2. The docking device according to claim 1, characterized in that, The third elastic element (37) includes a first spring (371) which is sleeved on the sleeve portion (351). The first stop element (36) includes a first nut (361) which is connected to the sleeve portion (351). The distance between the first nut (361) and the ball portion (32) is adjustable.
3. The docking device according to claim 1, characterized in that, The first elastic element (341) is the second spring (3411), and the second elastic element (342) is the third spring (3421).
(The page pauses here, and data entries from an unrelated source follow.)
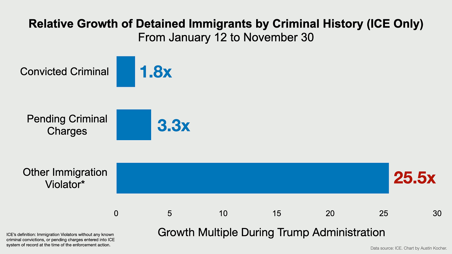 ICE arrests declined a bit in November based on this data. I broke down the latest Deportation Data Project data on Wednesday. Estimates from that data show about 34,400 ICE arrests for October, so this tracks.1 Just to answer a question before I get it: arrests and detention numbers do not necessarily correlate on a monthly basis due to a variety of factors, including average length of stays in detention. I wrote a Substack post about this in 2021 that is still relevant, so check that out: “Understanding Detention Numbers.”
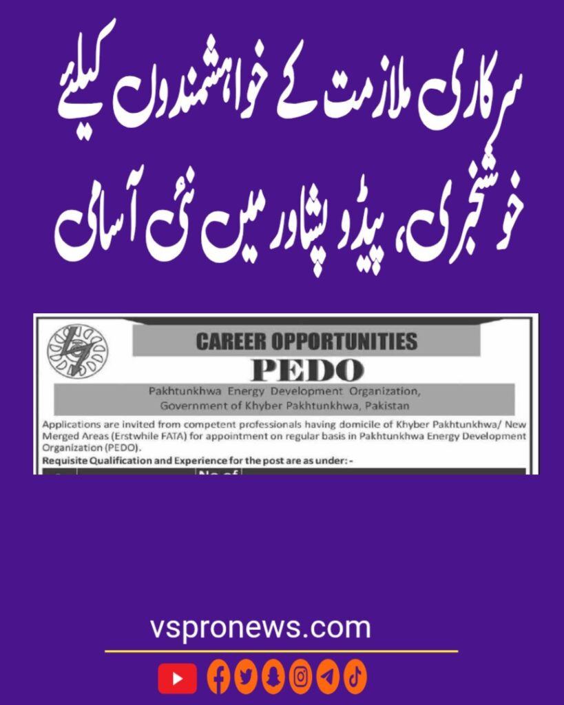 FinancePakhtunkhwa Energy Development Organization PEDO has announced a new government job in Peshawar. Applications are invited from eligible candidates for the post of Deputy Director Finance. The vacancy was advertised on December 31, 2025 in the daily Dawn newspaper.The position is based at PEDO Hayatabad, Peshawar, Khyber Pakhtunkhwa.
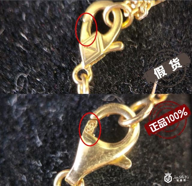 注意观察观察项链接口处的弹簧扣,真品的梵克雅宝项链在卡口的活动卡口位置有一个细小的梵克雅宝的标志钢印,一般人很难发现。而假货似乎也忽略了这一点,或者锻造工艺还赶不上,假货这里是完全空白的。
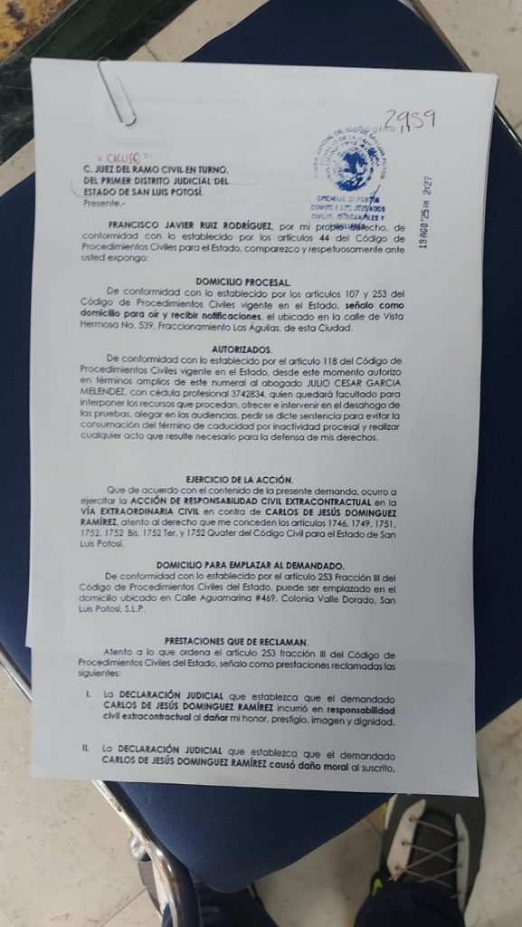 El empresario informó que el pasado 20 de agosto interpuso tres demandas civiles contra los señalados, con el objetivo de que se ordene judicialmente la reparación del daño moral, al honor, prestigio e imagen, así como la rectificación de la información divulgada desde el 31 de julio.
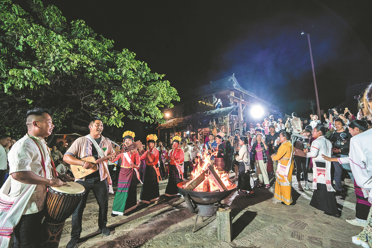 People celebrate around a bonfire in Wengji village of Pu'er, Yunnan province, in September, after the cultural landscape of tea forests there was listed as a World Heritage Site. HU CHAO/XINHUA
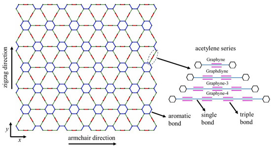 The introduction of monolayer graphene in 2004 was a scientific breakthrough in the field of materials due to its combination of superior mechanical, electromagnetic, optical, and thermal properties [1,2]. In recent years, efforts have been made to discover materials and structures at the nanoscale that are akin to graphene or possess superior physical and structural attributes compared to graphene. Among the most promising recently identified graphene-like nanomaterials is the family of graphyne materials, initially examined theoretically by Balaban and colleagues [3], and subsequently by Narita and Nagai through first-principles analysis [4]. Graphyne represents a novel category of two-dimensional (2D) substances that have recently garnered interest owing to their distinct physical and chemical characteristics. Comprising sp- and sp2-bonded carbon atoms, these substances exhibit a honeycomb configuration akin to graphene, but with extra atoms or functional groups affixed to the carbon atoms. The presence of these additional atoms or groups gives rise to a wide range of properties, including enhanced electrical conductivity, mechanical strength, and chemical stability [5,6,7].
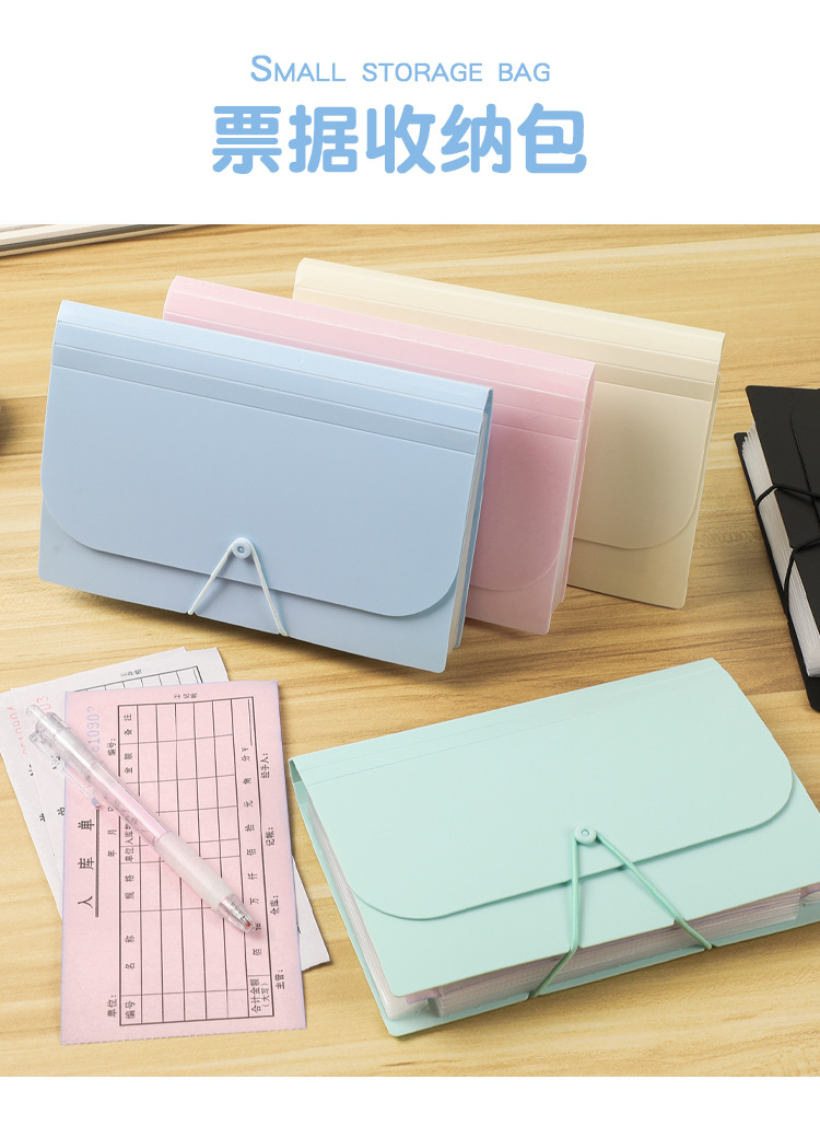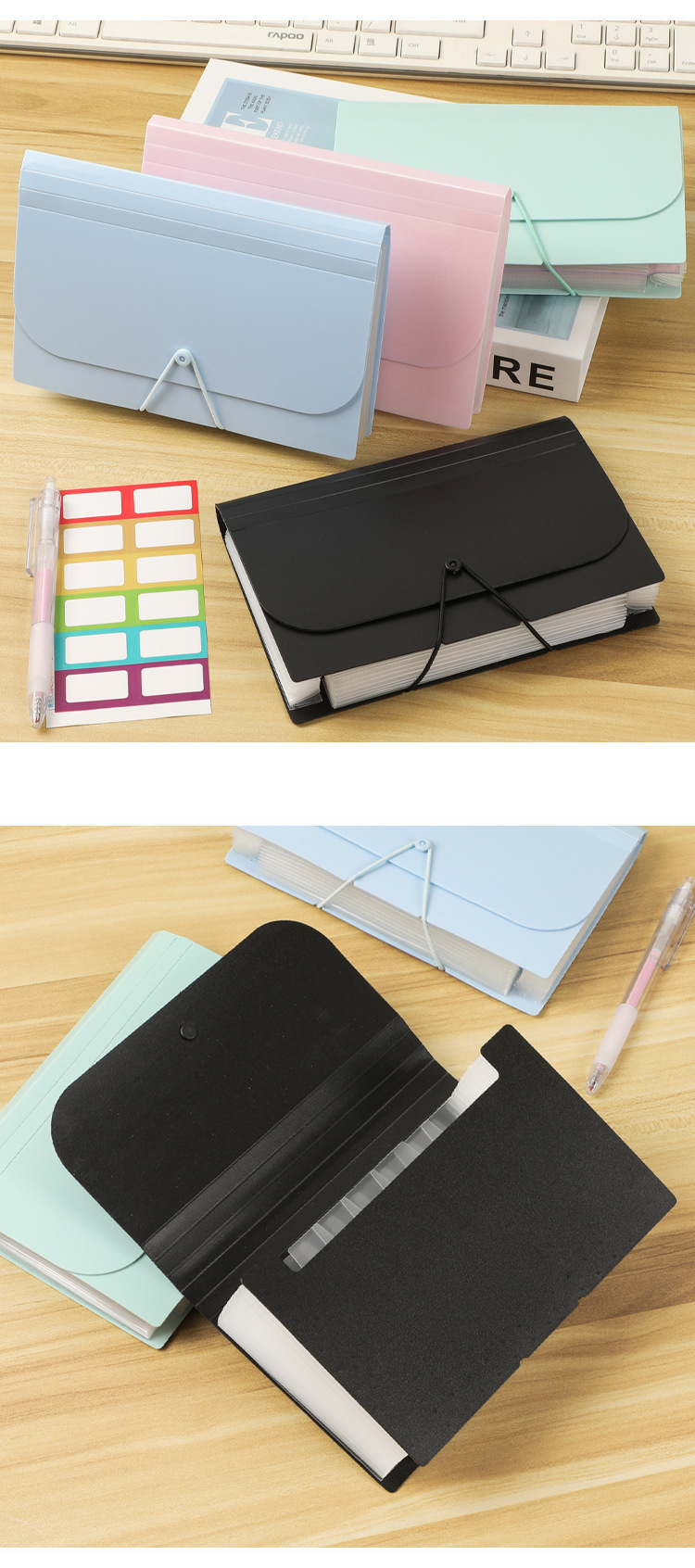 A6大容量手帳ステッカー収納ブック、伸縮式収納袋、多層ファイルフォルダ、カード、領収書、メモ収納クリップ
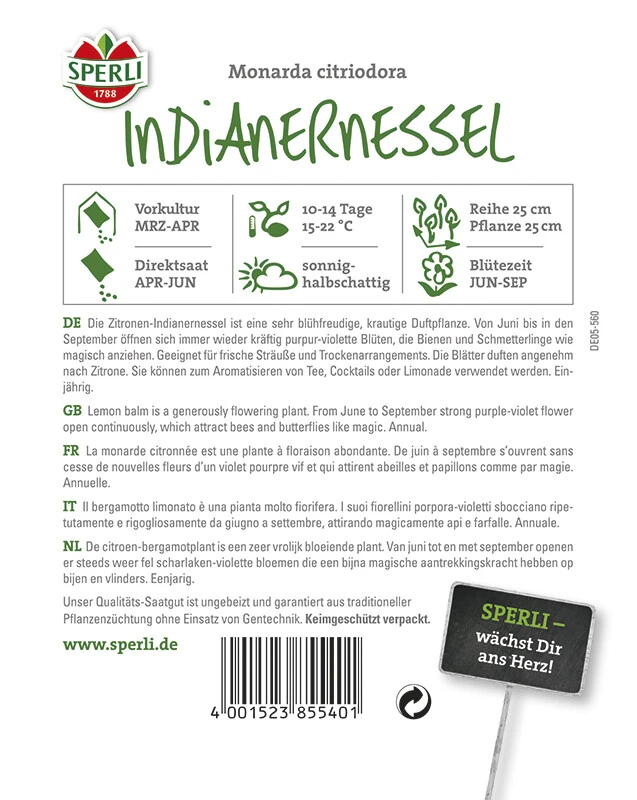 Die Indianernessel ist eine sehr blühfreudige Staude und ein echtes Paradies für Nützlinge wie Bienen, Hummeln und Schmetterlinge. Von Juni bis in den September öffnen sich immer wieder kräftig purpur-violette Blüten, die Bienen und Schmetterlinge magisch anziehen. Die einjährige Pflanze eignet sich für frische Sträuße und Trockenarrangements. Ihre Blätter duften angenehm nach Zitrone und können zum Aromatisieren von Tee, Cocktails oder Limonade verwendet werden.
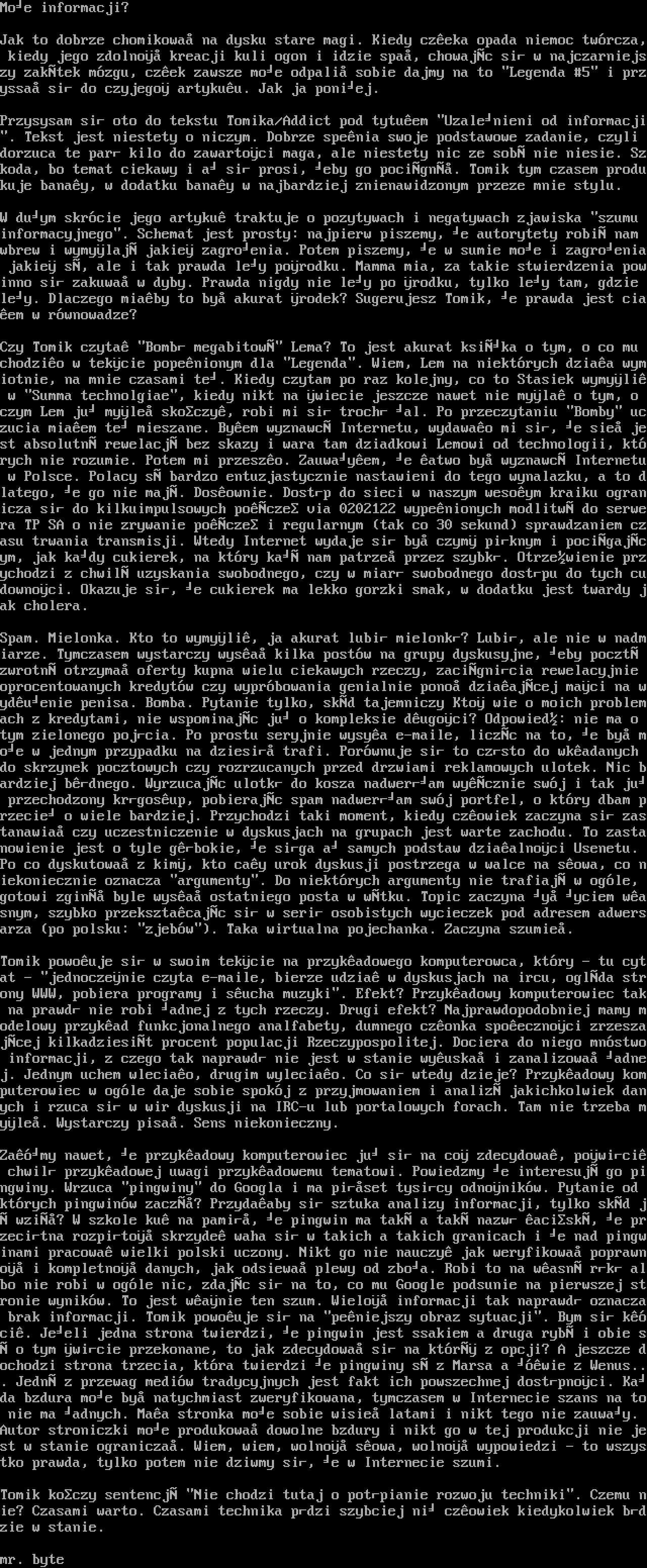 Czy Tomik czyta Bomb megabitow Lema? To jest akurat ksika o tym, o co mu chodzio w tekcie popenionym dla Legenda. Wiem, Lem na niektrych dziaa wymiotnie, na mnie czasami te. Kiedy czytam po raz kolejny, co to Stasiek wymyli w Summa technolgiae, kiedy nikt na wiecie jeszcze nawet nie myla o tym, o czym Lem ju myle skoczy, robi mi si troch al. Po przeczytaniu Bomby uczucia miaem te mieszane. Byem wyznawc Internetu, wydawao mi si, e sie jest absolutn rewelacj bez skazy i wara tam dziadkowi Lemowi od technologii, ktrych nie rozumie. Potem mi przeszo. Zauwayem, e atwo by wyznawc Internetu w Polsce. Polacy s bardzo entuzjastycznie nastawieni do tego wynalazku, a to dlatego, e go nie maj. Dosownie. Dostp do sieci w naszym wesoym kraiku ogranicza si do kilkuimpulsowych pocze via 0202122 wypenionych modlitw do serwera TP SA o nie zrywanie pocze i regularnym tak co 30 sekund sprawdzaniem czasu trwania transmisji. Wtedy Internet wydaje si by czym piknym i pocigajcym, jak kady cukierek, na ktry ka nam patrze przez szybk. Otrzewienie przychodzi z chwil uzyskania swobodnego, czy w miar swobodnego dostpu do tych cudownoci. Okazuje si, e cukierek ma lekko gorzki smak, w dodatku jest twardy jak cholera.

Both the second spring (3411) and the third spring (3421) are sleeved on the connecting rod (33).
4. The docking device according to claim 1, characterized in that, The connecting assembly (30) further includes a second stop (38), which is disposed at the second end of the connecting rod (33), and the second elastic member (342) is located between the ball portion (32) and the second stop (38).
5. The docking device according to claim 4, characterized in that, The second stop (38) includes a second nut (381), the distance between the second nut (381) and the second mounting base (20) is adjustable.
6. The docking device according to any one of claims 2 to 5, characterized in that, The connecting assembly (30) further includes a third stop (39) connected to the connecting rod (33) and located between the first mounting base (10) and the second mounting base (20), and the first elastic member (341) located between the third stop (39) and the first stop (36).
7. The docking device according to claim 6, characterized in that, The third stop (39) includes a third nut (391), and the distance between the third nut (391) and the second mounting base (20) is adjustable.
8. The docking device according to any one of claims 1 to 5, characterized in that, There are multiple connecting components (30), and the multiple connecting components (30) are arranged at intervals between the first mounting base (10) and the second mounting base (20).
9. A docking robot, comprising a robotic arm (100) and a docking device connected to said robotic arm (100), characterized in that, The docking device is the docking device according to any one of claims 1 to 8.